XXII. And as for the third argument, it is convicted by itself, as being derived only from an unsound system of questioning proceeding from the assertions originally made; for in truth it does not necessarily follow that a thing, all the parts of which are liable to corruption, is likewise perishable itself; but this is only inevitably true of that thing of which all the parts are perishable when taken collectively and together in the same place and at the same time, since in the case of a person who has the tip of his finger cut off, he is not disabled from living, but if he had the whole collection of all his parts and limbs cut off at once, he would die immediately. Therefore in the same manner, if all the elements of the world together were all to disappear at one and the same moment, then it would be necessary to admit that the world was liable to corruption and destruction; but if each of these elements separately only changes its nature so as to assimilate to that of its nature, it is then rendered immortal rather than destroyed, according to the philosophical statement of the tragic poet-

"Nought that has once existed dies,

Though often what has been combined

Before, we separated find,

Invested with another form."

For it is the greatest folly imaginable to estimate the antiquity of the human race from the state of art; for if any one were to follow the absurdity of such a system of reasoning as this, he will prove the world to be very young indeed, and to have been made scarcely a thousand years, since all those men whom we have heard of traditionally as the discoverers in different branches of science do not go back to a greater number of years than that which I have mentioned.
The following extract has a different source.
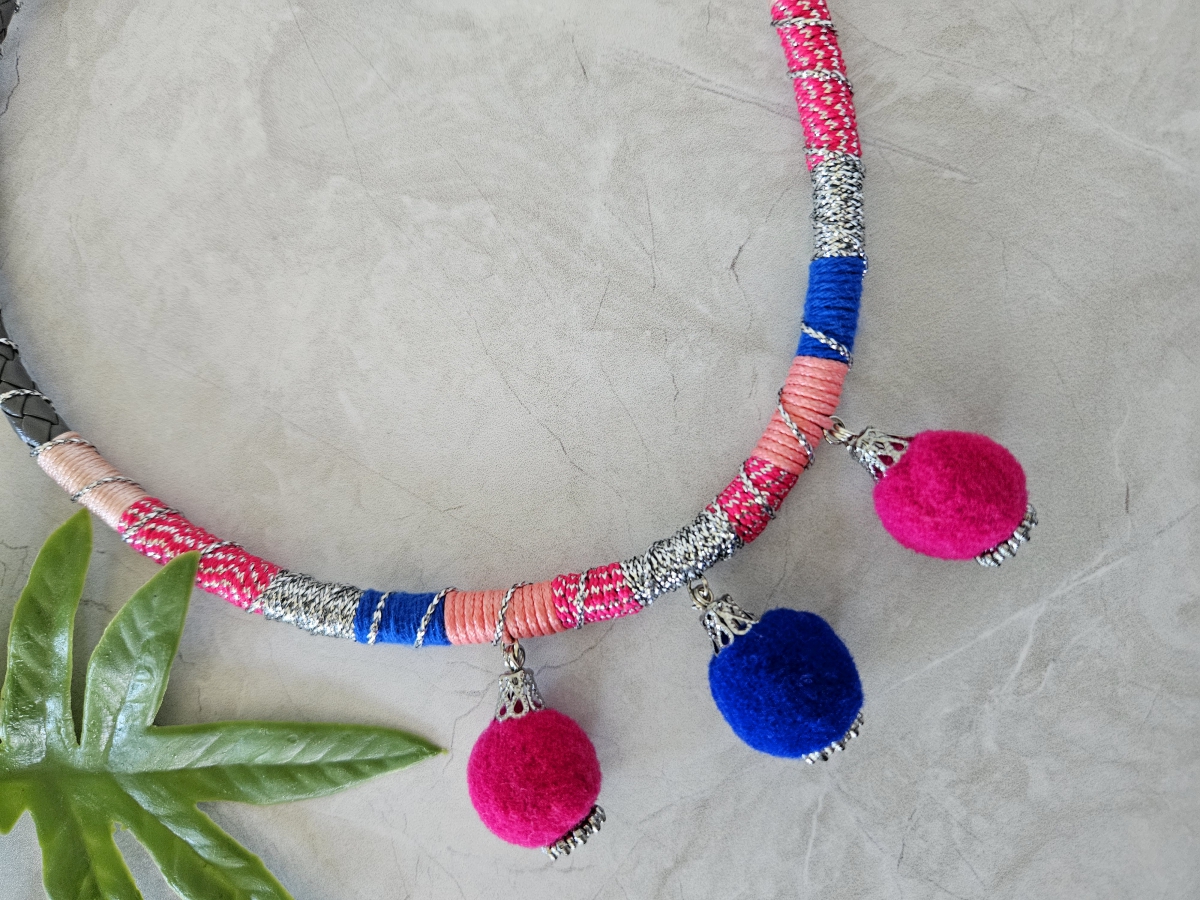 Quieres robar miradas? Este collar completará tu outfit y es imposible que pases desapercibida. Collar de cuero gris embarrilado con hilos en tonos fucsia, rosa, azul, coral y plateado. Pompones fucsia y azul. Diseño único. Hecho a Mano en Chile. Mide 45cm

But if we must speak of the arts as co-eval with the race of mankind, then we must speak, drawing our arguments from natural history, and not inconsiderately or carelessly. And what is this history? The destruction of the things on the earth, not all together, but of the greatest number of them, is attributed to two principal causes, the indescribable violence and power of fire and water. And they say that each of these elements attacks them in its turn, after very long periods of revolving years. When, therefore, a conflagration seizes upon things, a stream of ethereal fire being poured down from above is frequently diffused over them, overrunning many districts of the habitable world; and when a deluge draws down the whole of the rainy nature of water, the regular rivers and torrents overflowing, and not only that, but even far exceeding the ordinary measure of a common flood. Accordingly, when the greater part of mankind is destroyed in the manners above mentioned, besides an infinity of other ways of less power and importance, it follows of necessity that the arts also must fail, for it cannot be possible to discuss science by itself without some one to reduce it to method and practice. But when those common pestilences relax their fury, and when the human race begins again to recover vigour and to flourish, descending from those who have not been previously destroyed by the evils which pressed upon them, then the arts also begin again to exist, not indeed as they were at first, but in thinner numbers from the diminution of the numbers of those who practise them. I have now then set forth to the best of my ability what I have been able to learn or to understand concerning the indestructibility of the world.